エプソン販売・真道昌良社長(右)とオフィリオ複合機
 セイコーエプソンが、6月17日から順次出荷を開始している「オフィリオ複合機」は、同社にとって極めて大きな意味を持つ製品だ。

 カラーレーザープリンタ技術をベースに開発した中小企業向けデジタルカラー複合機と位置づけられる同製品は、一見すると、これまでのカラーレーザープリンタ製品の後継機として、大幅な低価格化を図った製品であるとしか受け取れないかもしれない。だが、「この製品にはオフィスの出力環境を大幅に改革するポテンシャルがある」とエプソンでは説明する。そして、オフィスの出力機器でリードする複写機メーカーに対する、プリンタメーカー・エプソンの宣戦布告の意味が込められているといっていい。

 「オフィリオ複合機」は、カラーレーザープリンタ技術をベースに、コピー、スキャナー、FAXなどの機能を搭載した複合機。なかでも、7月下旬に出荷が予定されているA3対応機の「LP-M5500」および「LP-M5500F」シリーズが主力となる。ベースモデルとなるA3対応機の「LP-M5500」は、29万8000円から。FAXおよびADF付属モデルで39万8000円からの低価格を実現した。

 詳細な仕様については、本誌の別稿に譲るが、ここでは、この製品が持ついくつかの大きな意味について深堀りしてみたい。


導入意欲をかき立てる「30万円」という価格帯

 ひとつめは、オフィリオ複合機そのものの位置づけだ。

 価格設定からみれば、ベースモデルの29万8000円を下に、さまざまなオプションを付属させることで50万円台まで広がるが、この30万円から50万円という価格帯は、オフィスの出力機としては、ちょうど空白地帯となっているエリアだ。

 もともとモノクロレーザープリンタが、この価格帯を占めていたが、低価格化によって10万円台のエリアへと主力が移行している。そして、50万円以上は、カラーレーザープリンタ複合機や、カラーデジタル複写機などがある。今回の製品は、ポッカリと空いたエリアを埋める製品なのである。
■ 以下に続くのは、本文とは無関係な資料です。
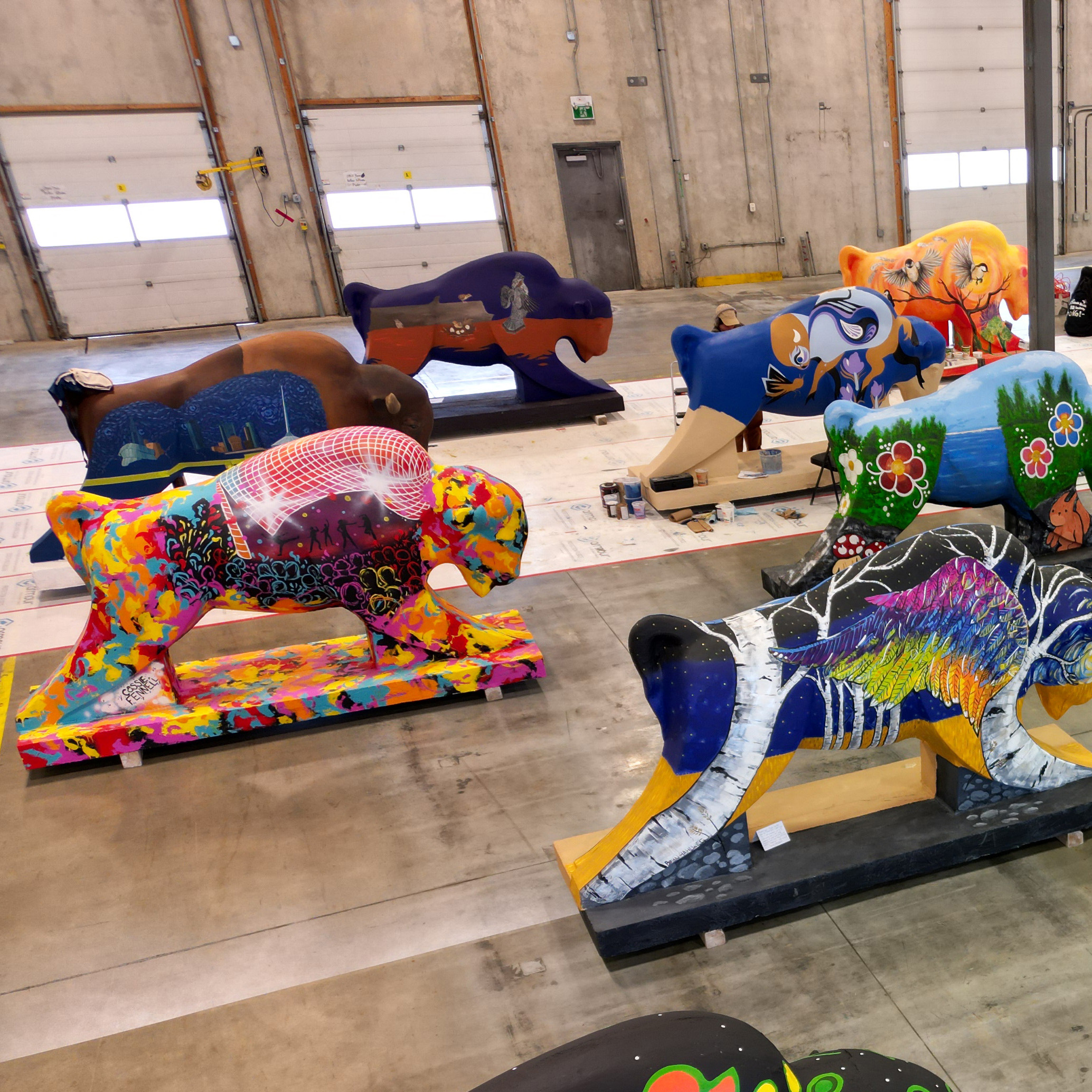 Bison Statues.
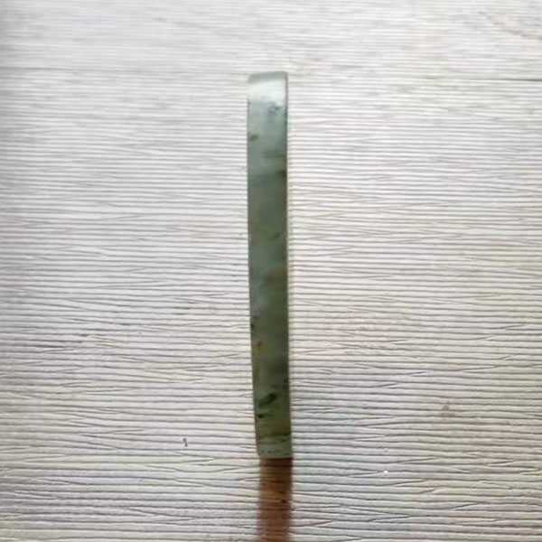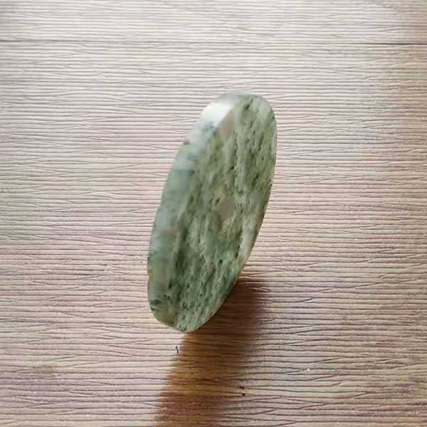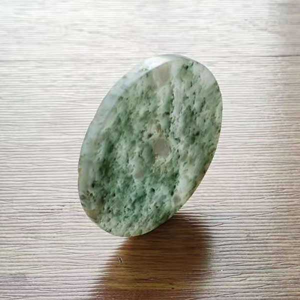 此翡翠无事牌选用缅玉翡翠精制而成,质地坚硬,表面光滑,无雕刻纹饰,色泽通透,冰种飘青、白花。翡翠五行属土,对于八字喜用为土者,具有提升气运、护佑平安和改善五行气势的风水理气功效。
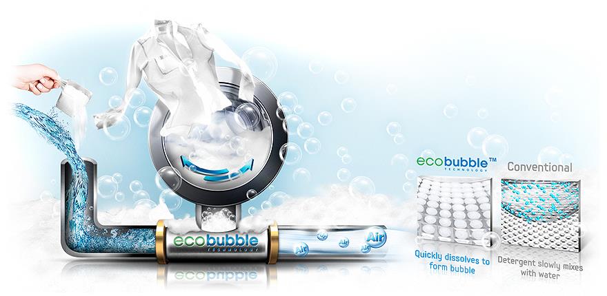 Công nghệ này cho phép trộn nước và không khí vào bột giặt sau đó sẽ đánh tan bột giặt, tạo bong bóng khí giúp thấm vào quần áo nhanh hơn 40 lần nếu so với thông thường (thông thường bột giặt sẽ không được đánh tan trước khi đưa vào lồng giặt). Đối với công nghệ này, bọt bong bóng sẽ góp phần phân tán bột giặt đều hơn, giúp thẩm thấu nhanh hơn cho phép giặt sạch quần áo nhanh hơn.

 しかも、30万円からという点に意味がある。エプソン販売の真道昌良社長は、「調査によると、カラー複合機をどの価格ならば導入するかとの設問に対しては、30万円という価格帯に、最も多くのユーザーが反応している。オフィスへの導入意欲をかき立てることができる価格帯の製品」というわけだ。

 同社の従来製品に比べて45%の低価格化という高いハードルに挑んだのも、この価格帯にまで引き下げることが、オフィスの出力の世界を変える重要な要素だと踏んだからなのだ。


30万円という価格帯が複合機の空白地帯になっている 中小企業はカラー複合機に対して30万円くらいを妥当な価格と判断している

オフィス環境の変化に対応

 2つめのポイントは、中小企業や部門が出力機を導入する際の課題解決の実現に力を注いだ点だ。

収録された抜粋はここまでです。